Republic of the Philippines
SUPREME COURT
Manila
EN BANC
G.R. No. L-45622             May 5, 1939
JUAN GOROSTIAGA, plaintiff-appellee,
vs.
MANUELA SARTE, defendant-appellant.
Calleja and Sierra for appellant.
Bonto and Gutierrez Lora for appellee.
MORAN, J.:
On May 27, 1936, Juan Gorostiaga, plaintiff-appellee, institutes an action against Manuela Sarte to recover the sum of P2,285.51. An answer was filed by Attorney Gregorio A. Sabater in the name of the defendant, wherein a general denial was made, and several defenses interposed, among them, that the defendant was physically and mentally incompetent to manage her estate. At the trial, the defendant did not appear in court and her non-appearance had no been accounted for. On September 21, 1996, judgment was rendered sentencing the defendant to pay the amount claimed. On December 23, 1936, a motion under section 113 of Act No. 190 was filed by the general guardian of the defendant, praying that all the proceedings had against the defendant be declared null and void for lack of jurisdiction over her person. The motion was denied; hence, this appeal.
There is no question about the facts. On May 18, 1936, that is, nine days prior to the institution of the action against the defendant, a petition for guardianship was filed with the lower court in favor of the defendant, on the ground that she was incompetent to manage her estate by reason of her physical and mental incapacity. After hearing the petition, wherein the depositions of alienists were presented, the court issued an order declaring that the defendant Manuela Sarte "se halla ficica y mentalmente incacitada para administrar sus bienes poe razon de debelidad senil, cuya inteligencia si bien le permite sostener una conversacion por algunos minutos de una manera satisfactoria, no tiene la consistencia necesaria para atender a sus necesidas y administrar sus propios bienes."
Although this order was issued on December 3, 1936, it relates to the incapacity alleged in the petition of May 18, 1936. Consequently, the incapacity thus declared existed at least at the date of the filing of the petition, that is, on May 18, 1936, nine days prior to the institution of the action in the present case. In fact, according to the evidence relied upon by the lower court, the defendant was incompetent to manage her affairs for about two or three years prior to her examination by the alienists. It appears thus clear that during all the proceedings in the case at bar, from the time of the filing of the complaint to the rendition of the judgment, the defendant was physically and mentally unfit to manage her affairs, and there having been no summons and notices of the proceedings served her and her guardian, because no guardian was then appointed for her, the court trying the action acquired no jurisdiction over her person (sec. 396, No. 4, of Act No. 190).
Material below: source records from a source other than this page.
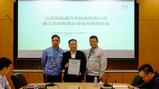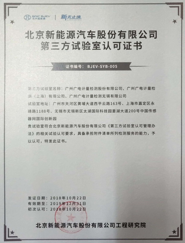 北汽新能源第三方試驗室認可證書
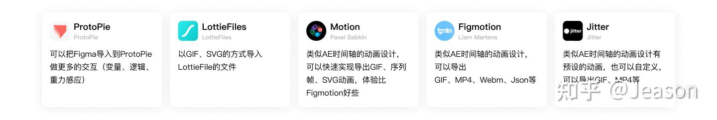 在使用 Figma 之前,可能会由 Photoshop 转向 After Effect、XD 等软件制作动效,如果是 Sketch 流则会有更多的选择可以导入 Principle、Flinto、Protopie、Framer 等工具,Protopie 和 Framer 在动效设计上都是一个不错的选择。
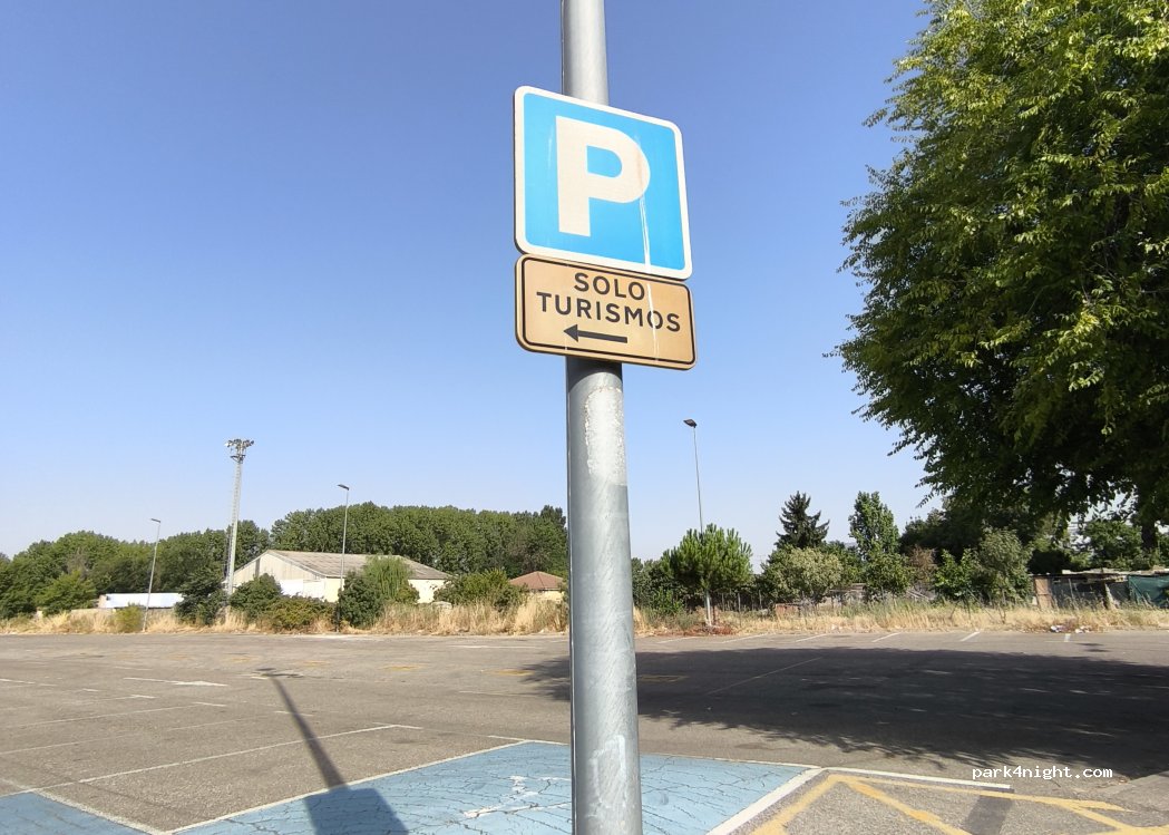 Párking gratuito. Indicación de zona para aparcar turismos y en el suelo indicaciones para aparcar autocaravanas. Lugar de fácil acceso desde la autovía A-67 tiene cerca un bar, mercadona y centro comercial con un carrefour. Zona verde para pasear perros con parque infantil, contenedores y carril bici. Es una zona muy tranquila y silenciosa. Perfecto para pasar una o varias noches.

It is argued that Attorney Gregorio A. Sabater appeared for the defendant in the case and filed an answer in her behalf and that the attorney's authority is presumed as well as the capacity of the defendant giving the authority. But this presumption is disputable and it is here entirely rebutted by no less than an order of the same court declaring the defendant physically and mentally unfit to manage her estate since at least May 18, 1936. If the defendant was thus incompetent, she could not have validly authorized the attorney to represent her. And if the authority was given by her relatives, it was not sufficient except to show the attorney's good faith in appearing in the case.
It is contended that the issue as to the incapacity of the defendant was pleaded in defendant's answer and was squarely decided and that therefore it cannot be reopened unless on the ground of newly discovered evidence. That answer was, however, filed by an attorney not validly authorized to appear for the defendant who had never been in court except when her guardian filed a motion to quash all the proceedings for lack of jurisdiction. In matters of this kind, affecting the jurisdiction of the court and the validity of all proceedings, the court, instead of observing a passive attitude, should take the initiative of, and exercise utmost care in, ascertaining the facts. And although the evidence gathered at the trial is insufficient, if, after judgment, the lack of jurisdiction is clearly shown, and there has been no waiver thereof, as in this case where a waiver could not have been possible, it is the duty of the court to set aside all the proceedings, take the necessary steps to acquire jurisdiction, and grant a new trial. The position taken by the lower court in this case can hardly be reconciled with its position in the guardianship proceedings.
Appellee contends that in the motion filed by the guardian under section 113 there is no showing of mistake, inadvertence, surprise or excusable negligence as grounds for relief provided therein. It is, however, more than a surprise to the defendant that she be tried and sentenced without valid summons or notice. And as to the affidavits of merit required to be attached to a motion under section 113, they are not necessary, as we have already held, where the court acted without jurisdiction over the defendant's person. (Coombs vs. Santos, 24 Phil., 446.)
Judgment is reversed, all the proceedings had in the lower court are hereby declared null and void, and the case is remanded to the court below for new trial after the guardian making him a party defendant. With costs against appellee.
Avanceņa, C.J., Villa-Real, Diaz, Laurel, and Concepcion, JJ., concur.